Everything in the listing that follows should be reproduced exactly except the pictures.

_DATA SEGMENT_
= Beginning of Section =

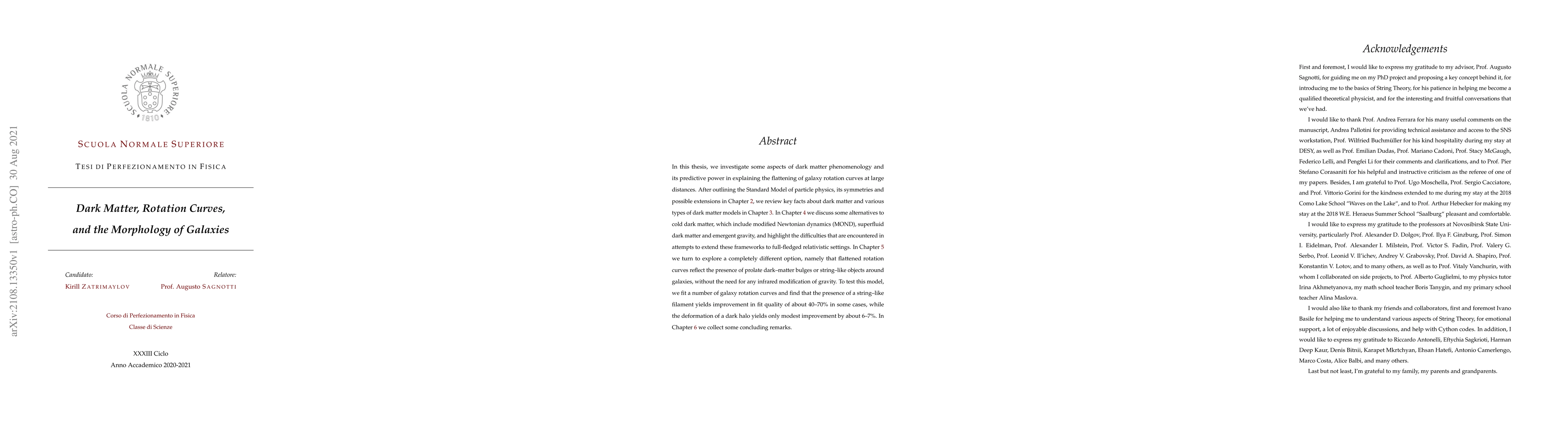 This thesis explores dark matter's role in explaining galaxy rotation curves, comparing cold dark matter models with alternatives like MOND and superfluid dark matter. It proposes a novel model involving string-like filaments around galaxies, which significantly improves fit quality compared to traditional dark halo deformations.
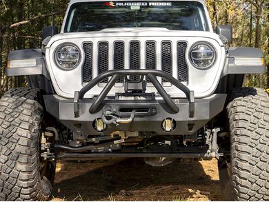 Rugged ridge front xhd aluminum winch bumper.
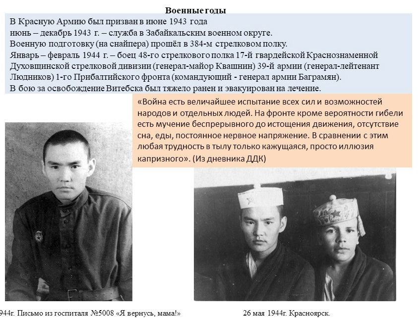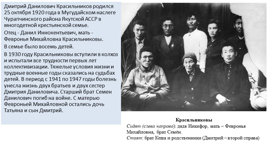 Д.Д. Красильников родился 25 октября 1920 года в селе Мугудай Чурапчинского района Якутской АССР в крестьянской семье. В 1937 году с отличием закончил Чурапчинскую семилетнюю школу и поступил на рабфак при Якутском педагогическом институте. По окончании рабфака работал учителем математики и русского языка в неполных средних школах Усть-Алданского и Чурапчинского районов ЯАССР. 1943-1944 гг. – был на фронте, воевал на территории Белоруссии в составе 17-й Духовщинской Краснознаменной дивизии первого Прибалтийского фронта. В одном из боев под Витебском получил тяжелое ранение. После лечения в 1944 году был демобилизован из рядов Советской Армии. Осенью 1944 года поступил на учебу в Якутский пед. институт на физико-математический факультет. В 1948 году, после окончания Якутского педагогического института, Красильников Д.Д. был принят на работу в качестве младшего научного сотрудника станции космических лучей при Якутской базе АН СССР. Свои исследования Д.Д. Красильников начал с изучения метеорологических эффектов в космических лучах и экспериментально подтвердил теорию метеорологических эффектов Фейнберга-Дормана в вариациях интенсивности космических лучей.

= End of Section =

_RESPONSE TO THE TASK_
 This thesis explores dark matter's role in explaining galaxy rotation curves, comparing cold dark matter models with alternatives like MOND and superfluid dark matter. It proposes a novel model involving string-like filaments around galaxies, which significantly improves fit quality compared to traditional dark halo deformations.
 Rugged ridge front xhd aluminum winch bumper.
 Д.Д. Красильников родился 25 октября 1920 года в селе Мугудай Чурапчинского района Якутской АССР в крестьянской семье. В 1937 году с отличием закончил Чурапчинскую семилетнюю школу и поступил на рабфак при Якутском педагогическом институте. По окончании рабфака работал учителем математики и русского языка в неполных средних школах Усть-Алданского и Чурапчинского районов ЯАССР. 1943-1944 гг. – был на фронте, воевал на территории Белоруссии в составе 17-й Духовщинской Краснознаменной дивизии первого Прибалтийского фронта. В одном из боев под Витебском получил тяжелое ранение. После лечения в 1944 году был демобилизован из рядов Советской Армии. Осенью 1944 года поступил на учебу в Якутский пед. институт на физико-математический факультет. В 1948 году, после окончания Якутского педагогического института, Красильников Д.Д. был принят на работу в качестве младшего научного сотрудника станции космических лучей при Якутской базе АН СССР. Свои исследования Д.Д. Красильников начал с изучения метеорологических эффектов в космических лучах и экспериментально подтвердил теорию метеорологических эффектов Фейнберга-Дормана в вариациях интенсивности космических лучей.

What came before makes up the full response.